Vale la pena di aggiungere, ancora, che l’immigrazione è vissuta come un problema anche altrove. In Europa. L’immigrazione è, infatti, considerata una delle due principali emergenze dal 13% degli italiani (Pragma per l’Osservatorio Europeo sulla Sicurezza in Europa), ma da quasi il 50% in Gran Bretagna e in Germania. D’altronde, da noi l’immigrazione è sempre più di “passaggio”. Verso altri Paesi che offrono prospettive di lavoro migliori. Perché l’immigrazione, non dobbiamo dimenticarlo, può essere fonte di preoccupazione, ma è, comunque, un indice di sviluppo. Quando gli immigrati cominciano ad andarsene, come effettivamente avviene da qualche tempo, è perché il nostro mercato del lavoro non è più in grado di attrarli e di assorbirli.
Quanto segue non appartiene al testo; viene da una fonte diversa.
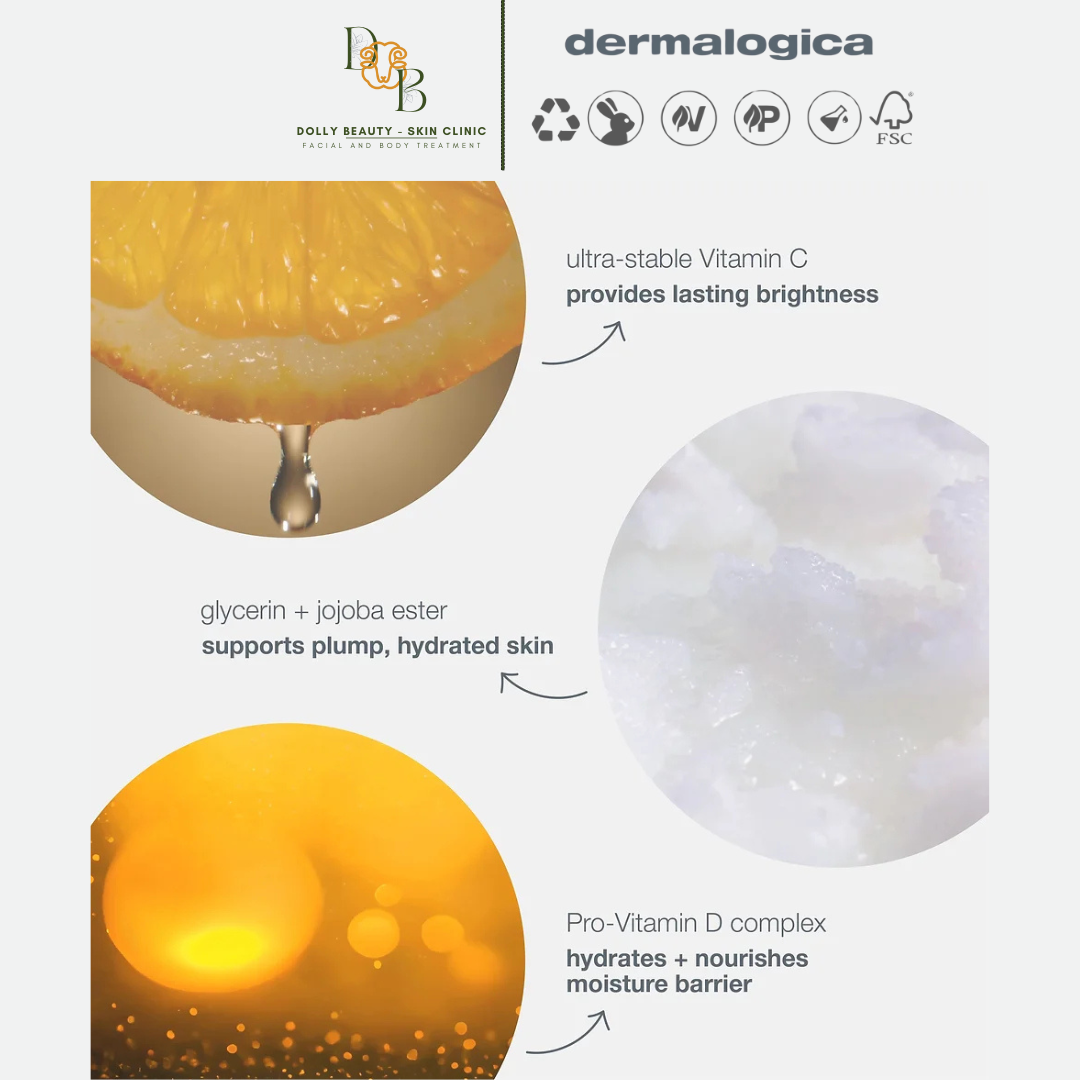 Là một thành phần có tác dụng ngay lập tức, vitamin C tập trung vào các vấn đề về da như đốm đen, nhược điểm, mụn trứng cá, lỗ chân lông to, xỉn màu bằng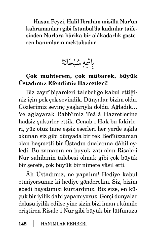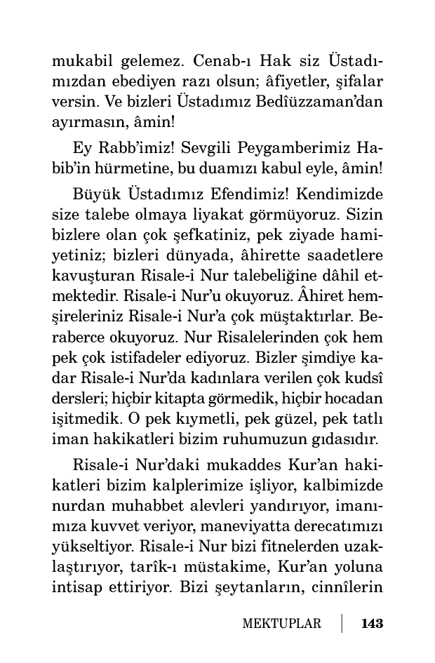 Büyük Üstadımız Efendimiz! Kendimizde size talebe olmaya liyakat görmüyoruz. Sizin bizlere olan çok şefkatiniz, pek ziyade hamiyetiniz; bizleri dünyada, âhirette saadetlere kavuşturan Risale-i Nur talebeliğine dâhil etmektedir. Risale-i Nur’u okuyoruz. Âhiret hemşireleriniz Risale-i Nur’a çok müştaktırlar. Beraberce okuyoruz. Nur Risalelerinden çok hem pek çok istifadeler ediyoruz. Bizler şimdiye kadar Risale-i Nur’da kadınlara verilen çok kudsî dersleri; hiçbir kitapta görmedik, hiçbir hocadan işitmedik. O pek kıymetli, pek güzel, pek tatlı iman hakikatleri bizim ruhumuzun gıdasıdır.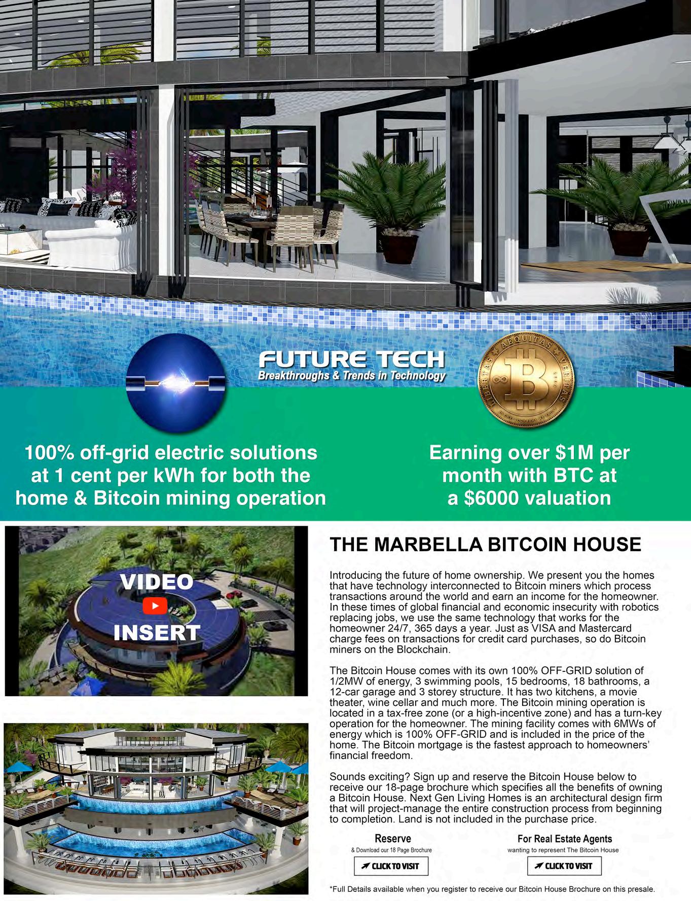 The Bitcoin House is estimated to be completed in 18-20 months with construction permits in place, engineering and construction and luxury interior installations.
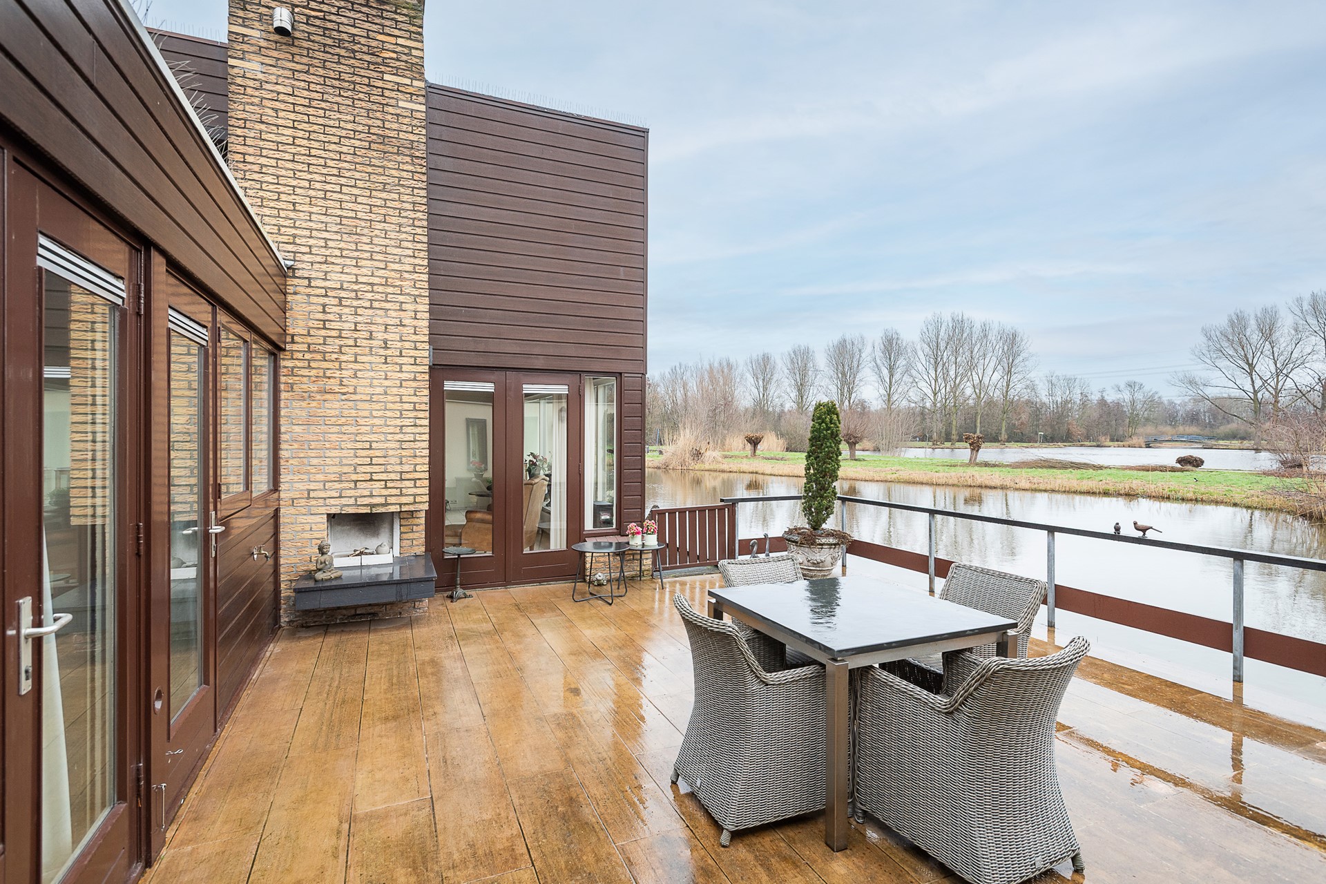 De grote en lichte woonkamer met (gas) openhaard is gelegen aan de achterzijde en biedt een prachtig vrij uitzicht over het water en natuurgebied Hitland. Openslaande deuren geven toegang tot het zonneterras, gelegen op het noordoosten.

Tuttavia, ieri come oggi, in Italia come altrove, gli immigrati possono essere una risorsa politica. Soprattutto in tempo di campagna elettorale. Un argomento agitato da imprenditori politici della paura, per tradurre l’insicurezza — e le vittime degli scafisti — in voti. Il Front National, in Francia. Ukip di Farage, in Gran Bretagna. La Lega di Salvini, in Italia. Così diversi eppure così vicini. Nel segno dell’Anti-europeismo e della paura degli altri. Ma invocare blocchi navali e respingimenti, di fronte a tragedie immense, come quella avvenuta ieri nel mare di Sicilia, non è in-umano. È semplicemente ir-reale. Come se fosse possibile — oltre che giusto — fermare la fuga dalla guerra e dal terrore che ci assediano. A pochi chilometri da noi.
Ma l’unico modo per fermare i disperati che, a migliaia, si dirigono verso le nostre coste — e, a migliaia, muoiono nel viaggio. Ostaggi di mercanti di morte. L’unico modo possibile per respingerli, per tenerli lontani da noi: è chiudere gli occhi. Fingere che non esistano. Rinunciare alla compassione verso gli altri.
Non avere pietà di noi stessi.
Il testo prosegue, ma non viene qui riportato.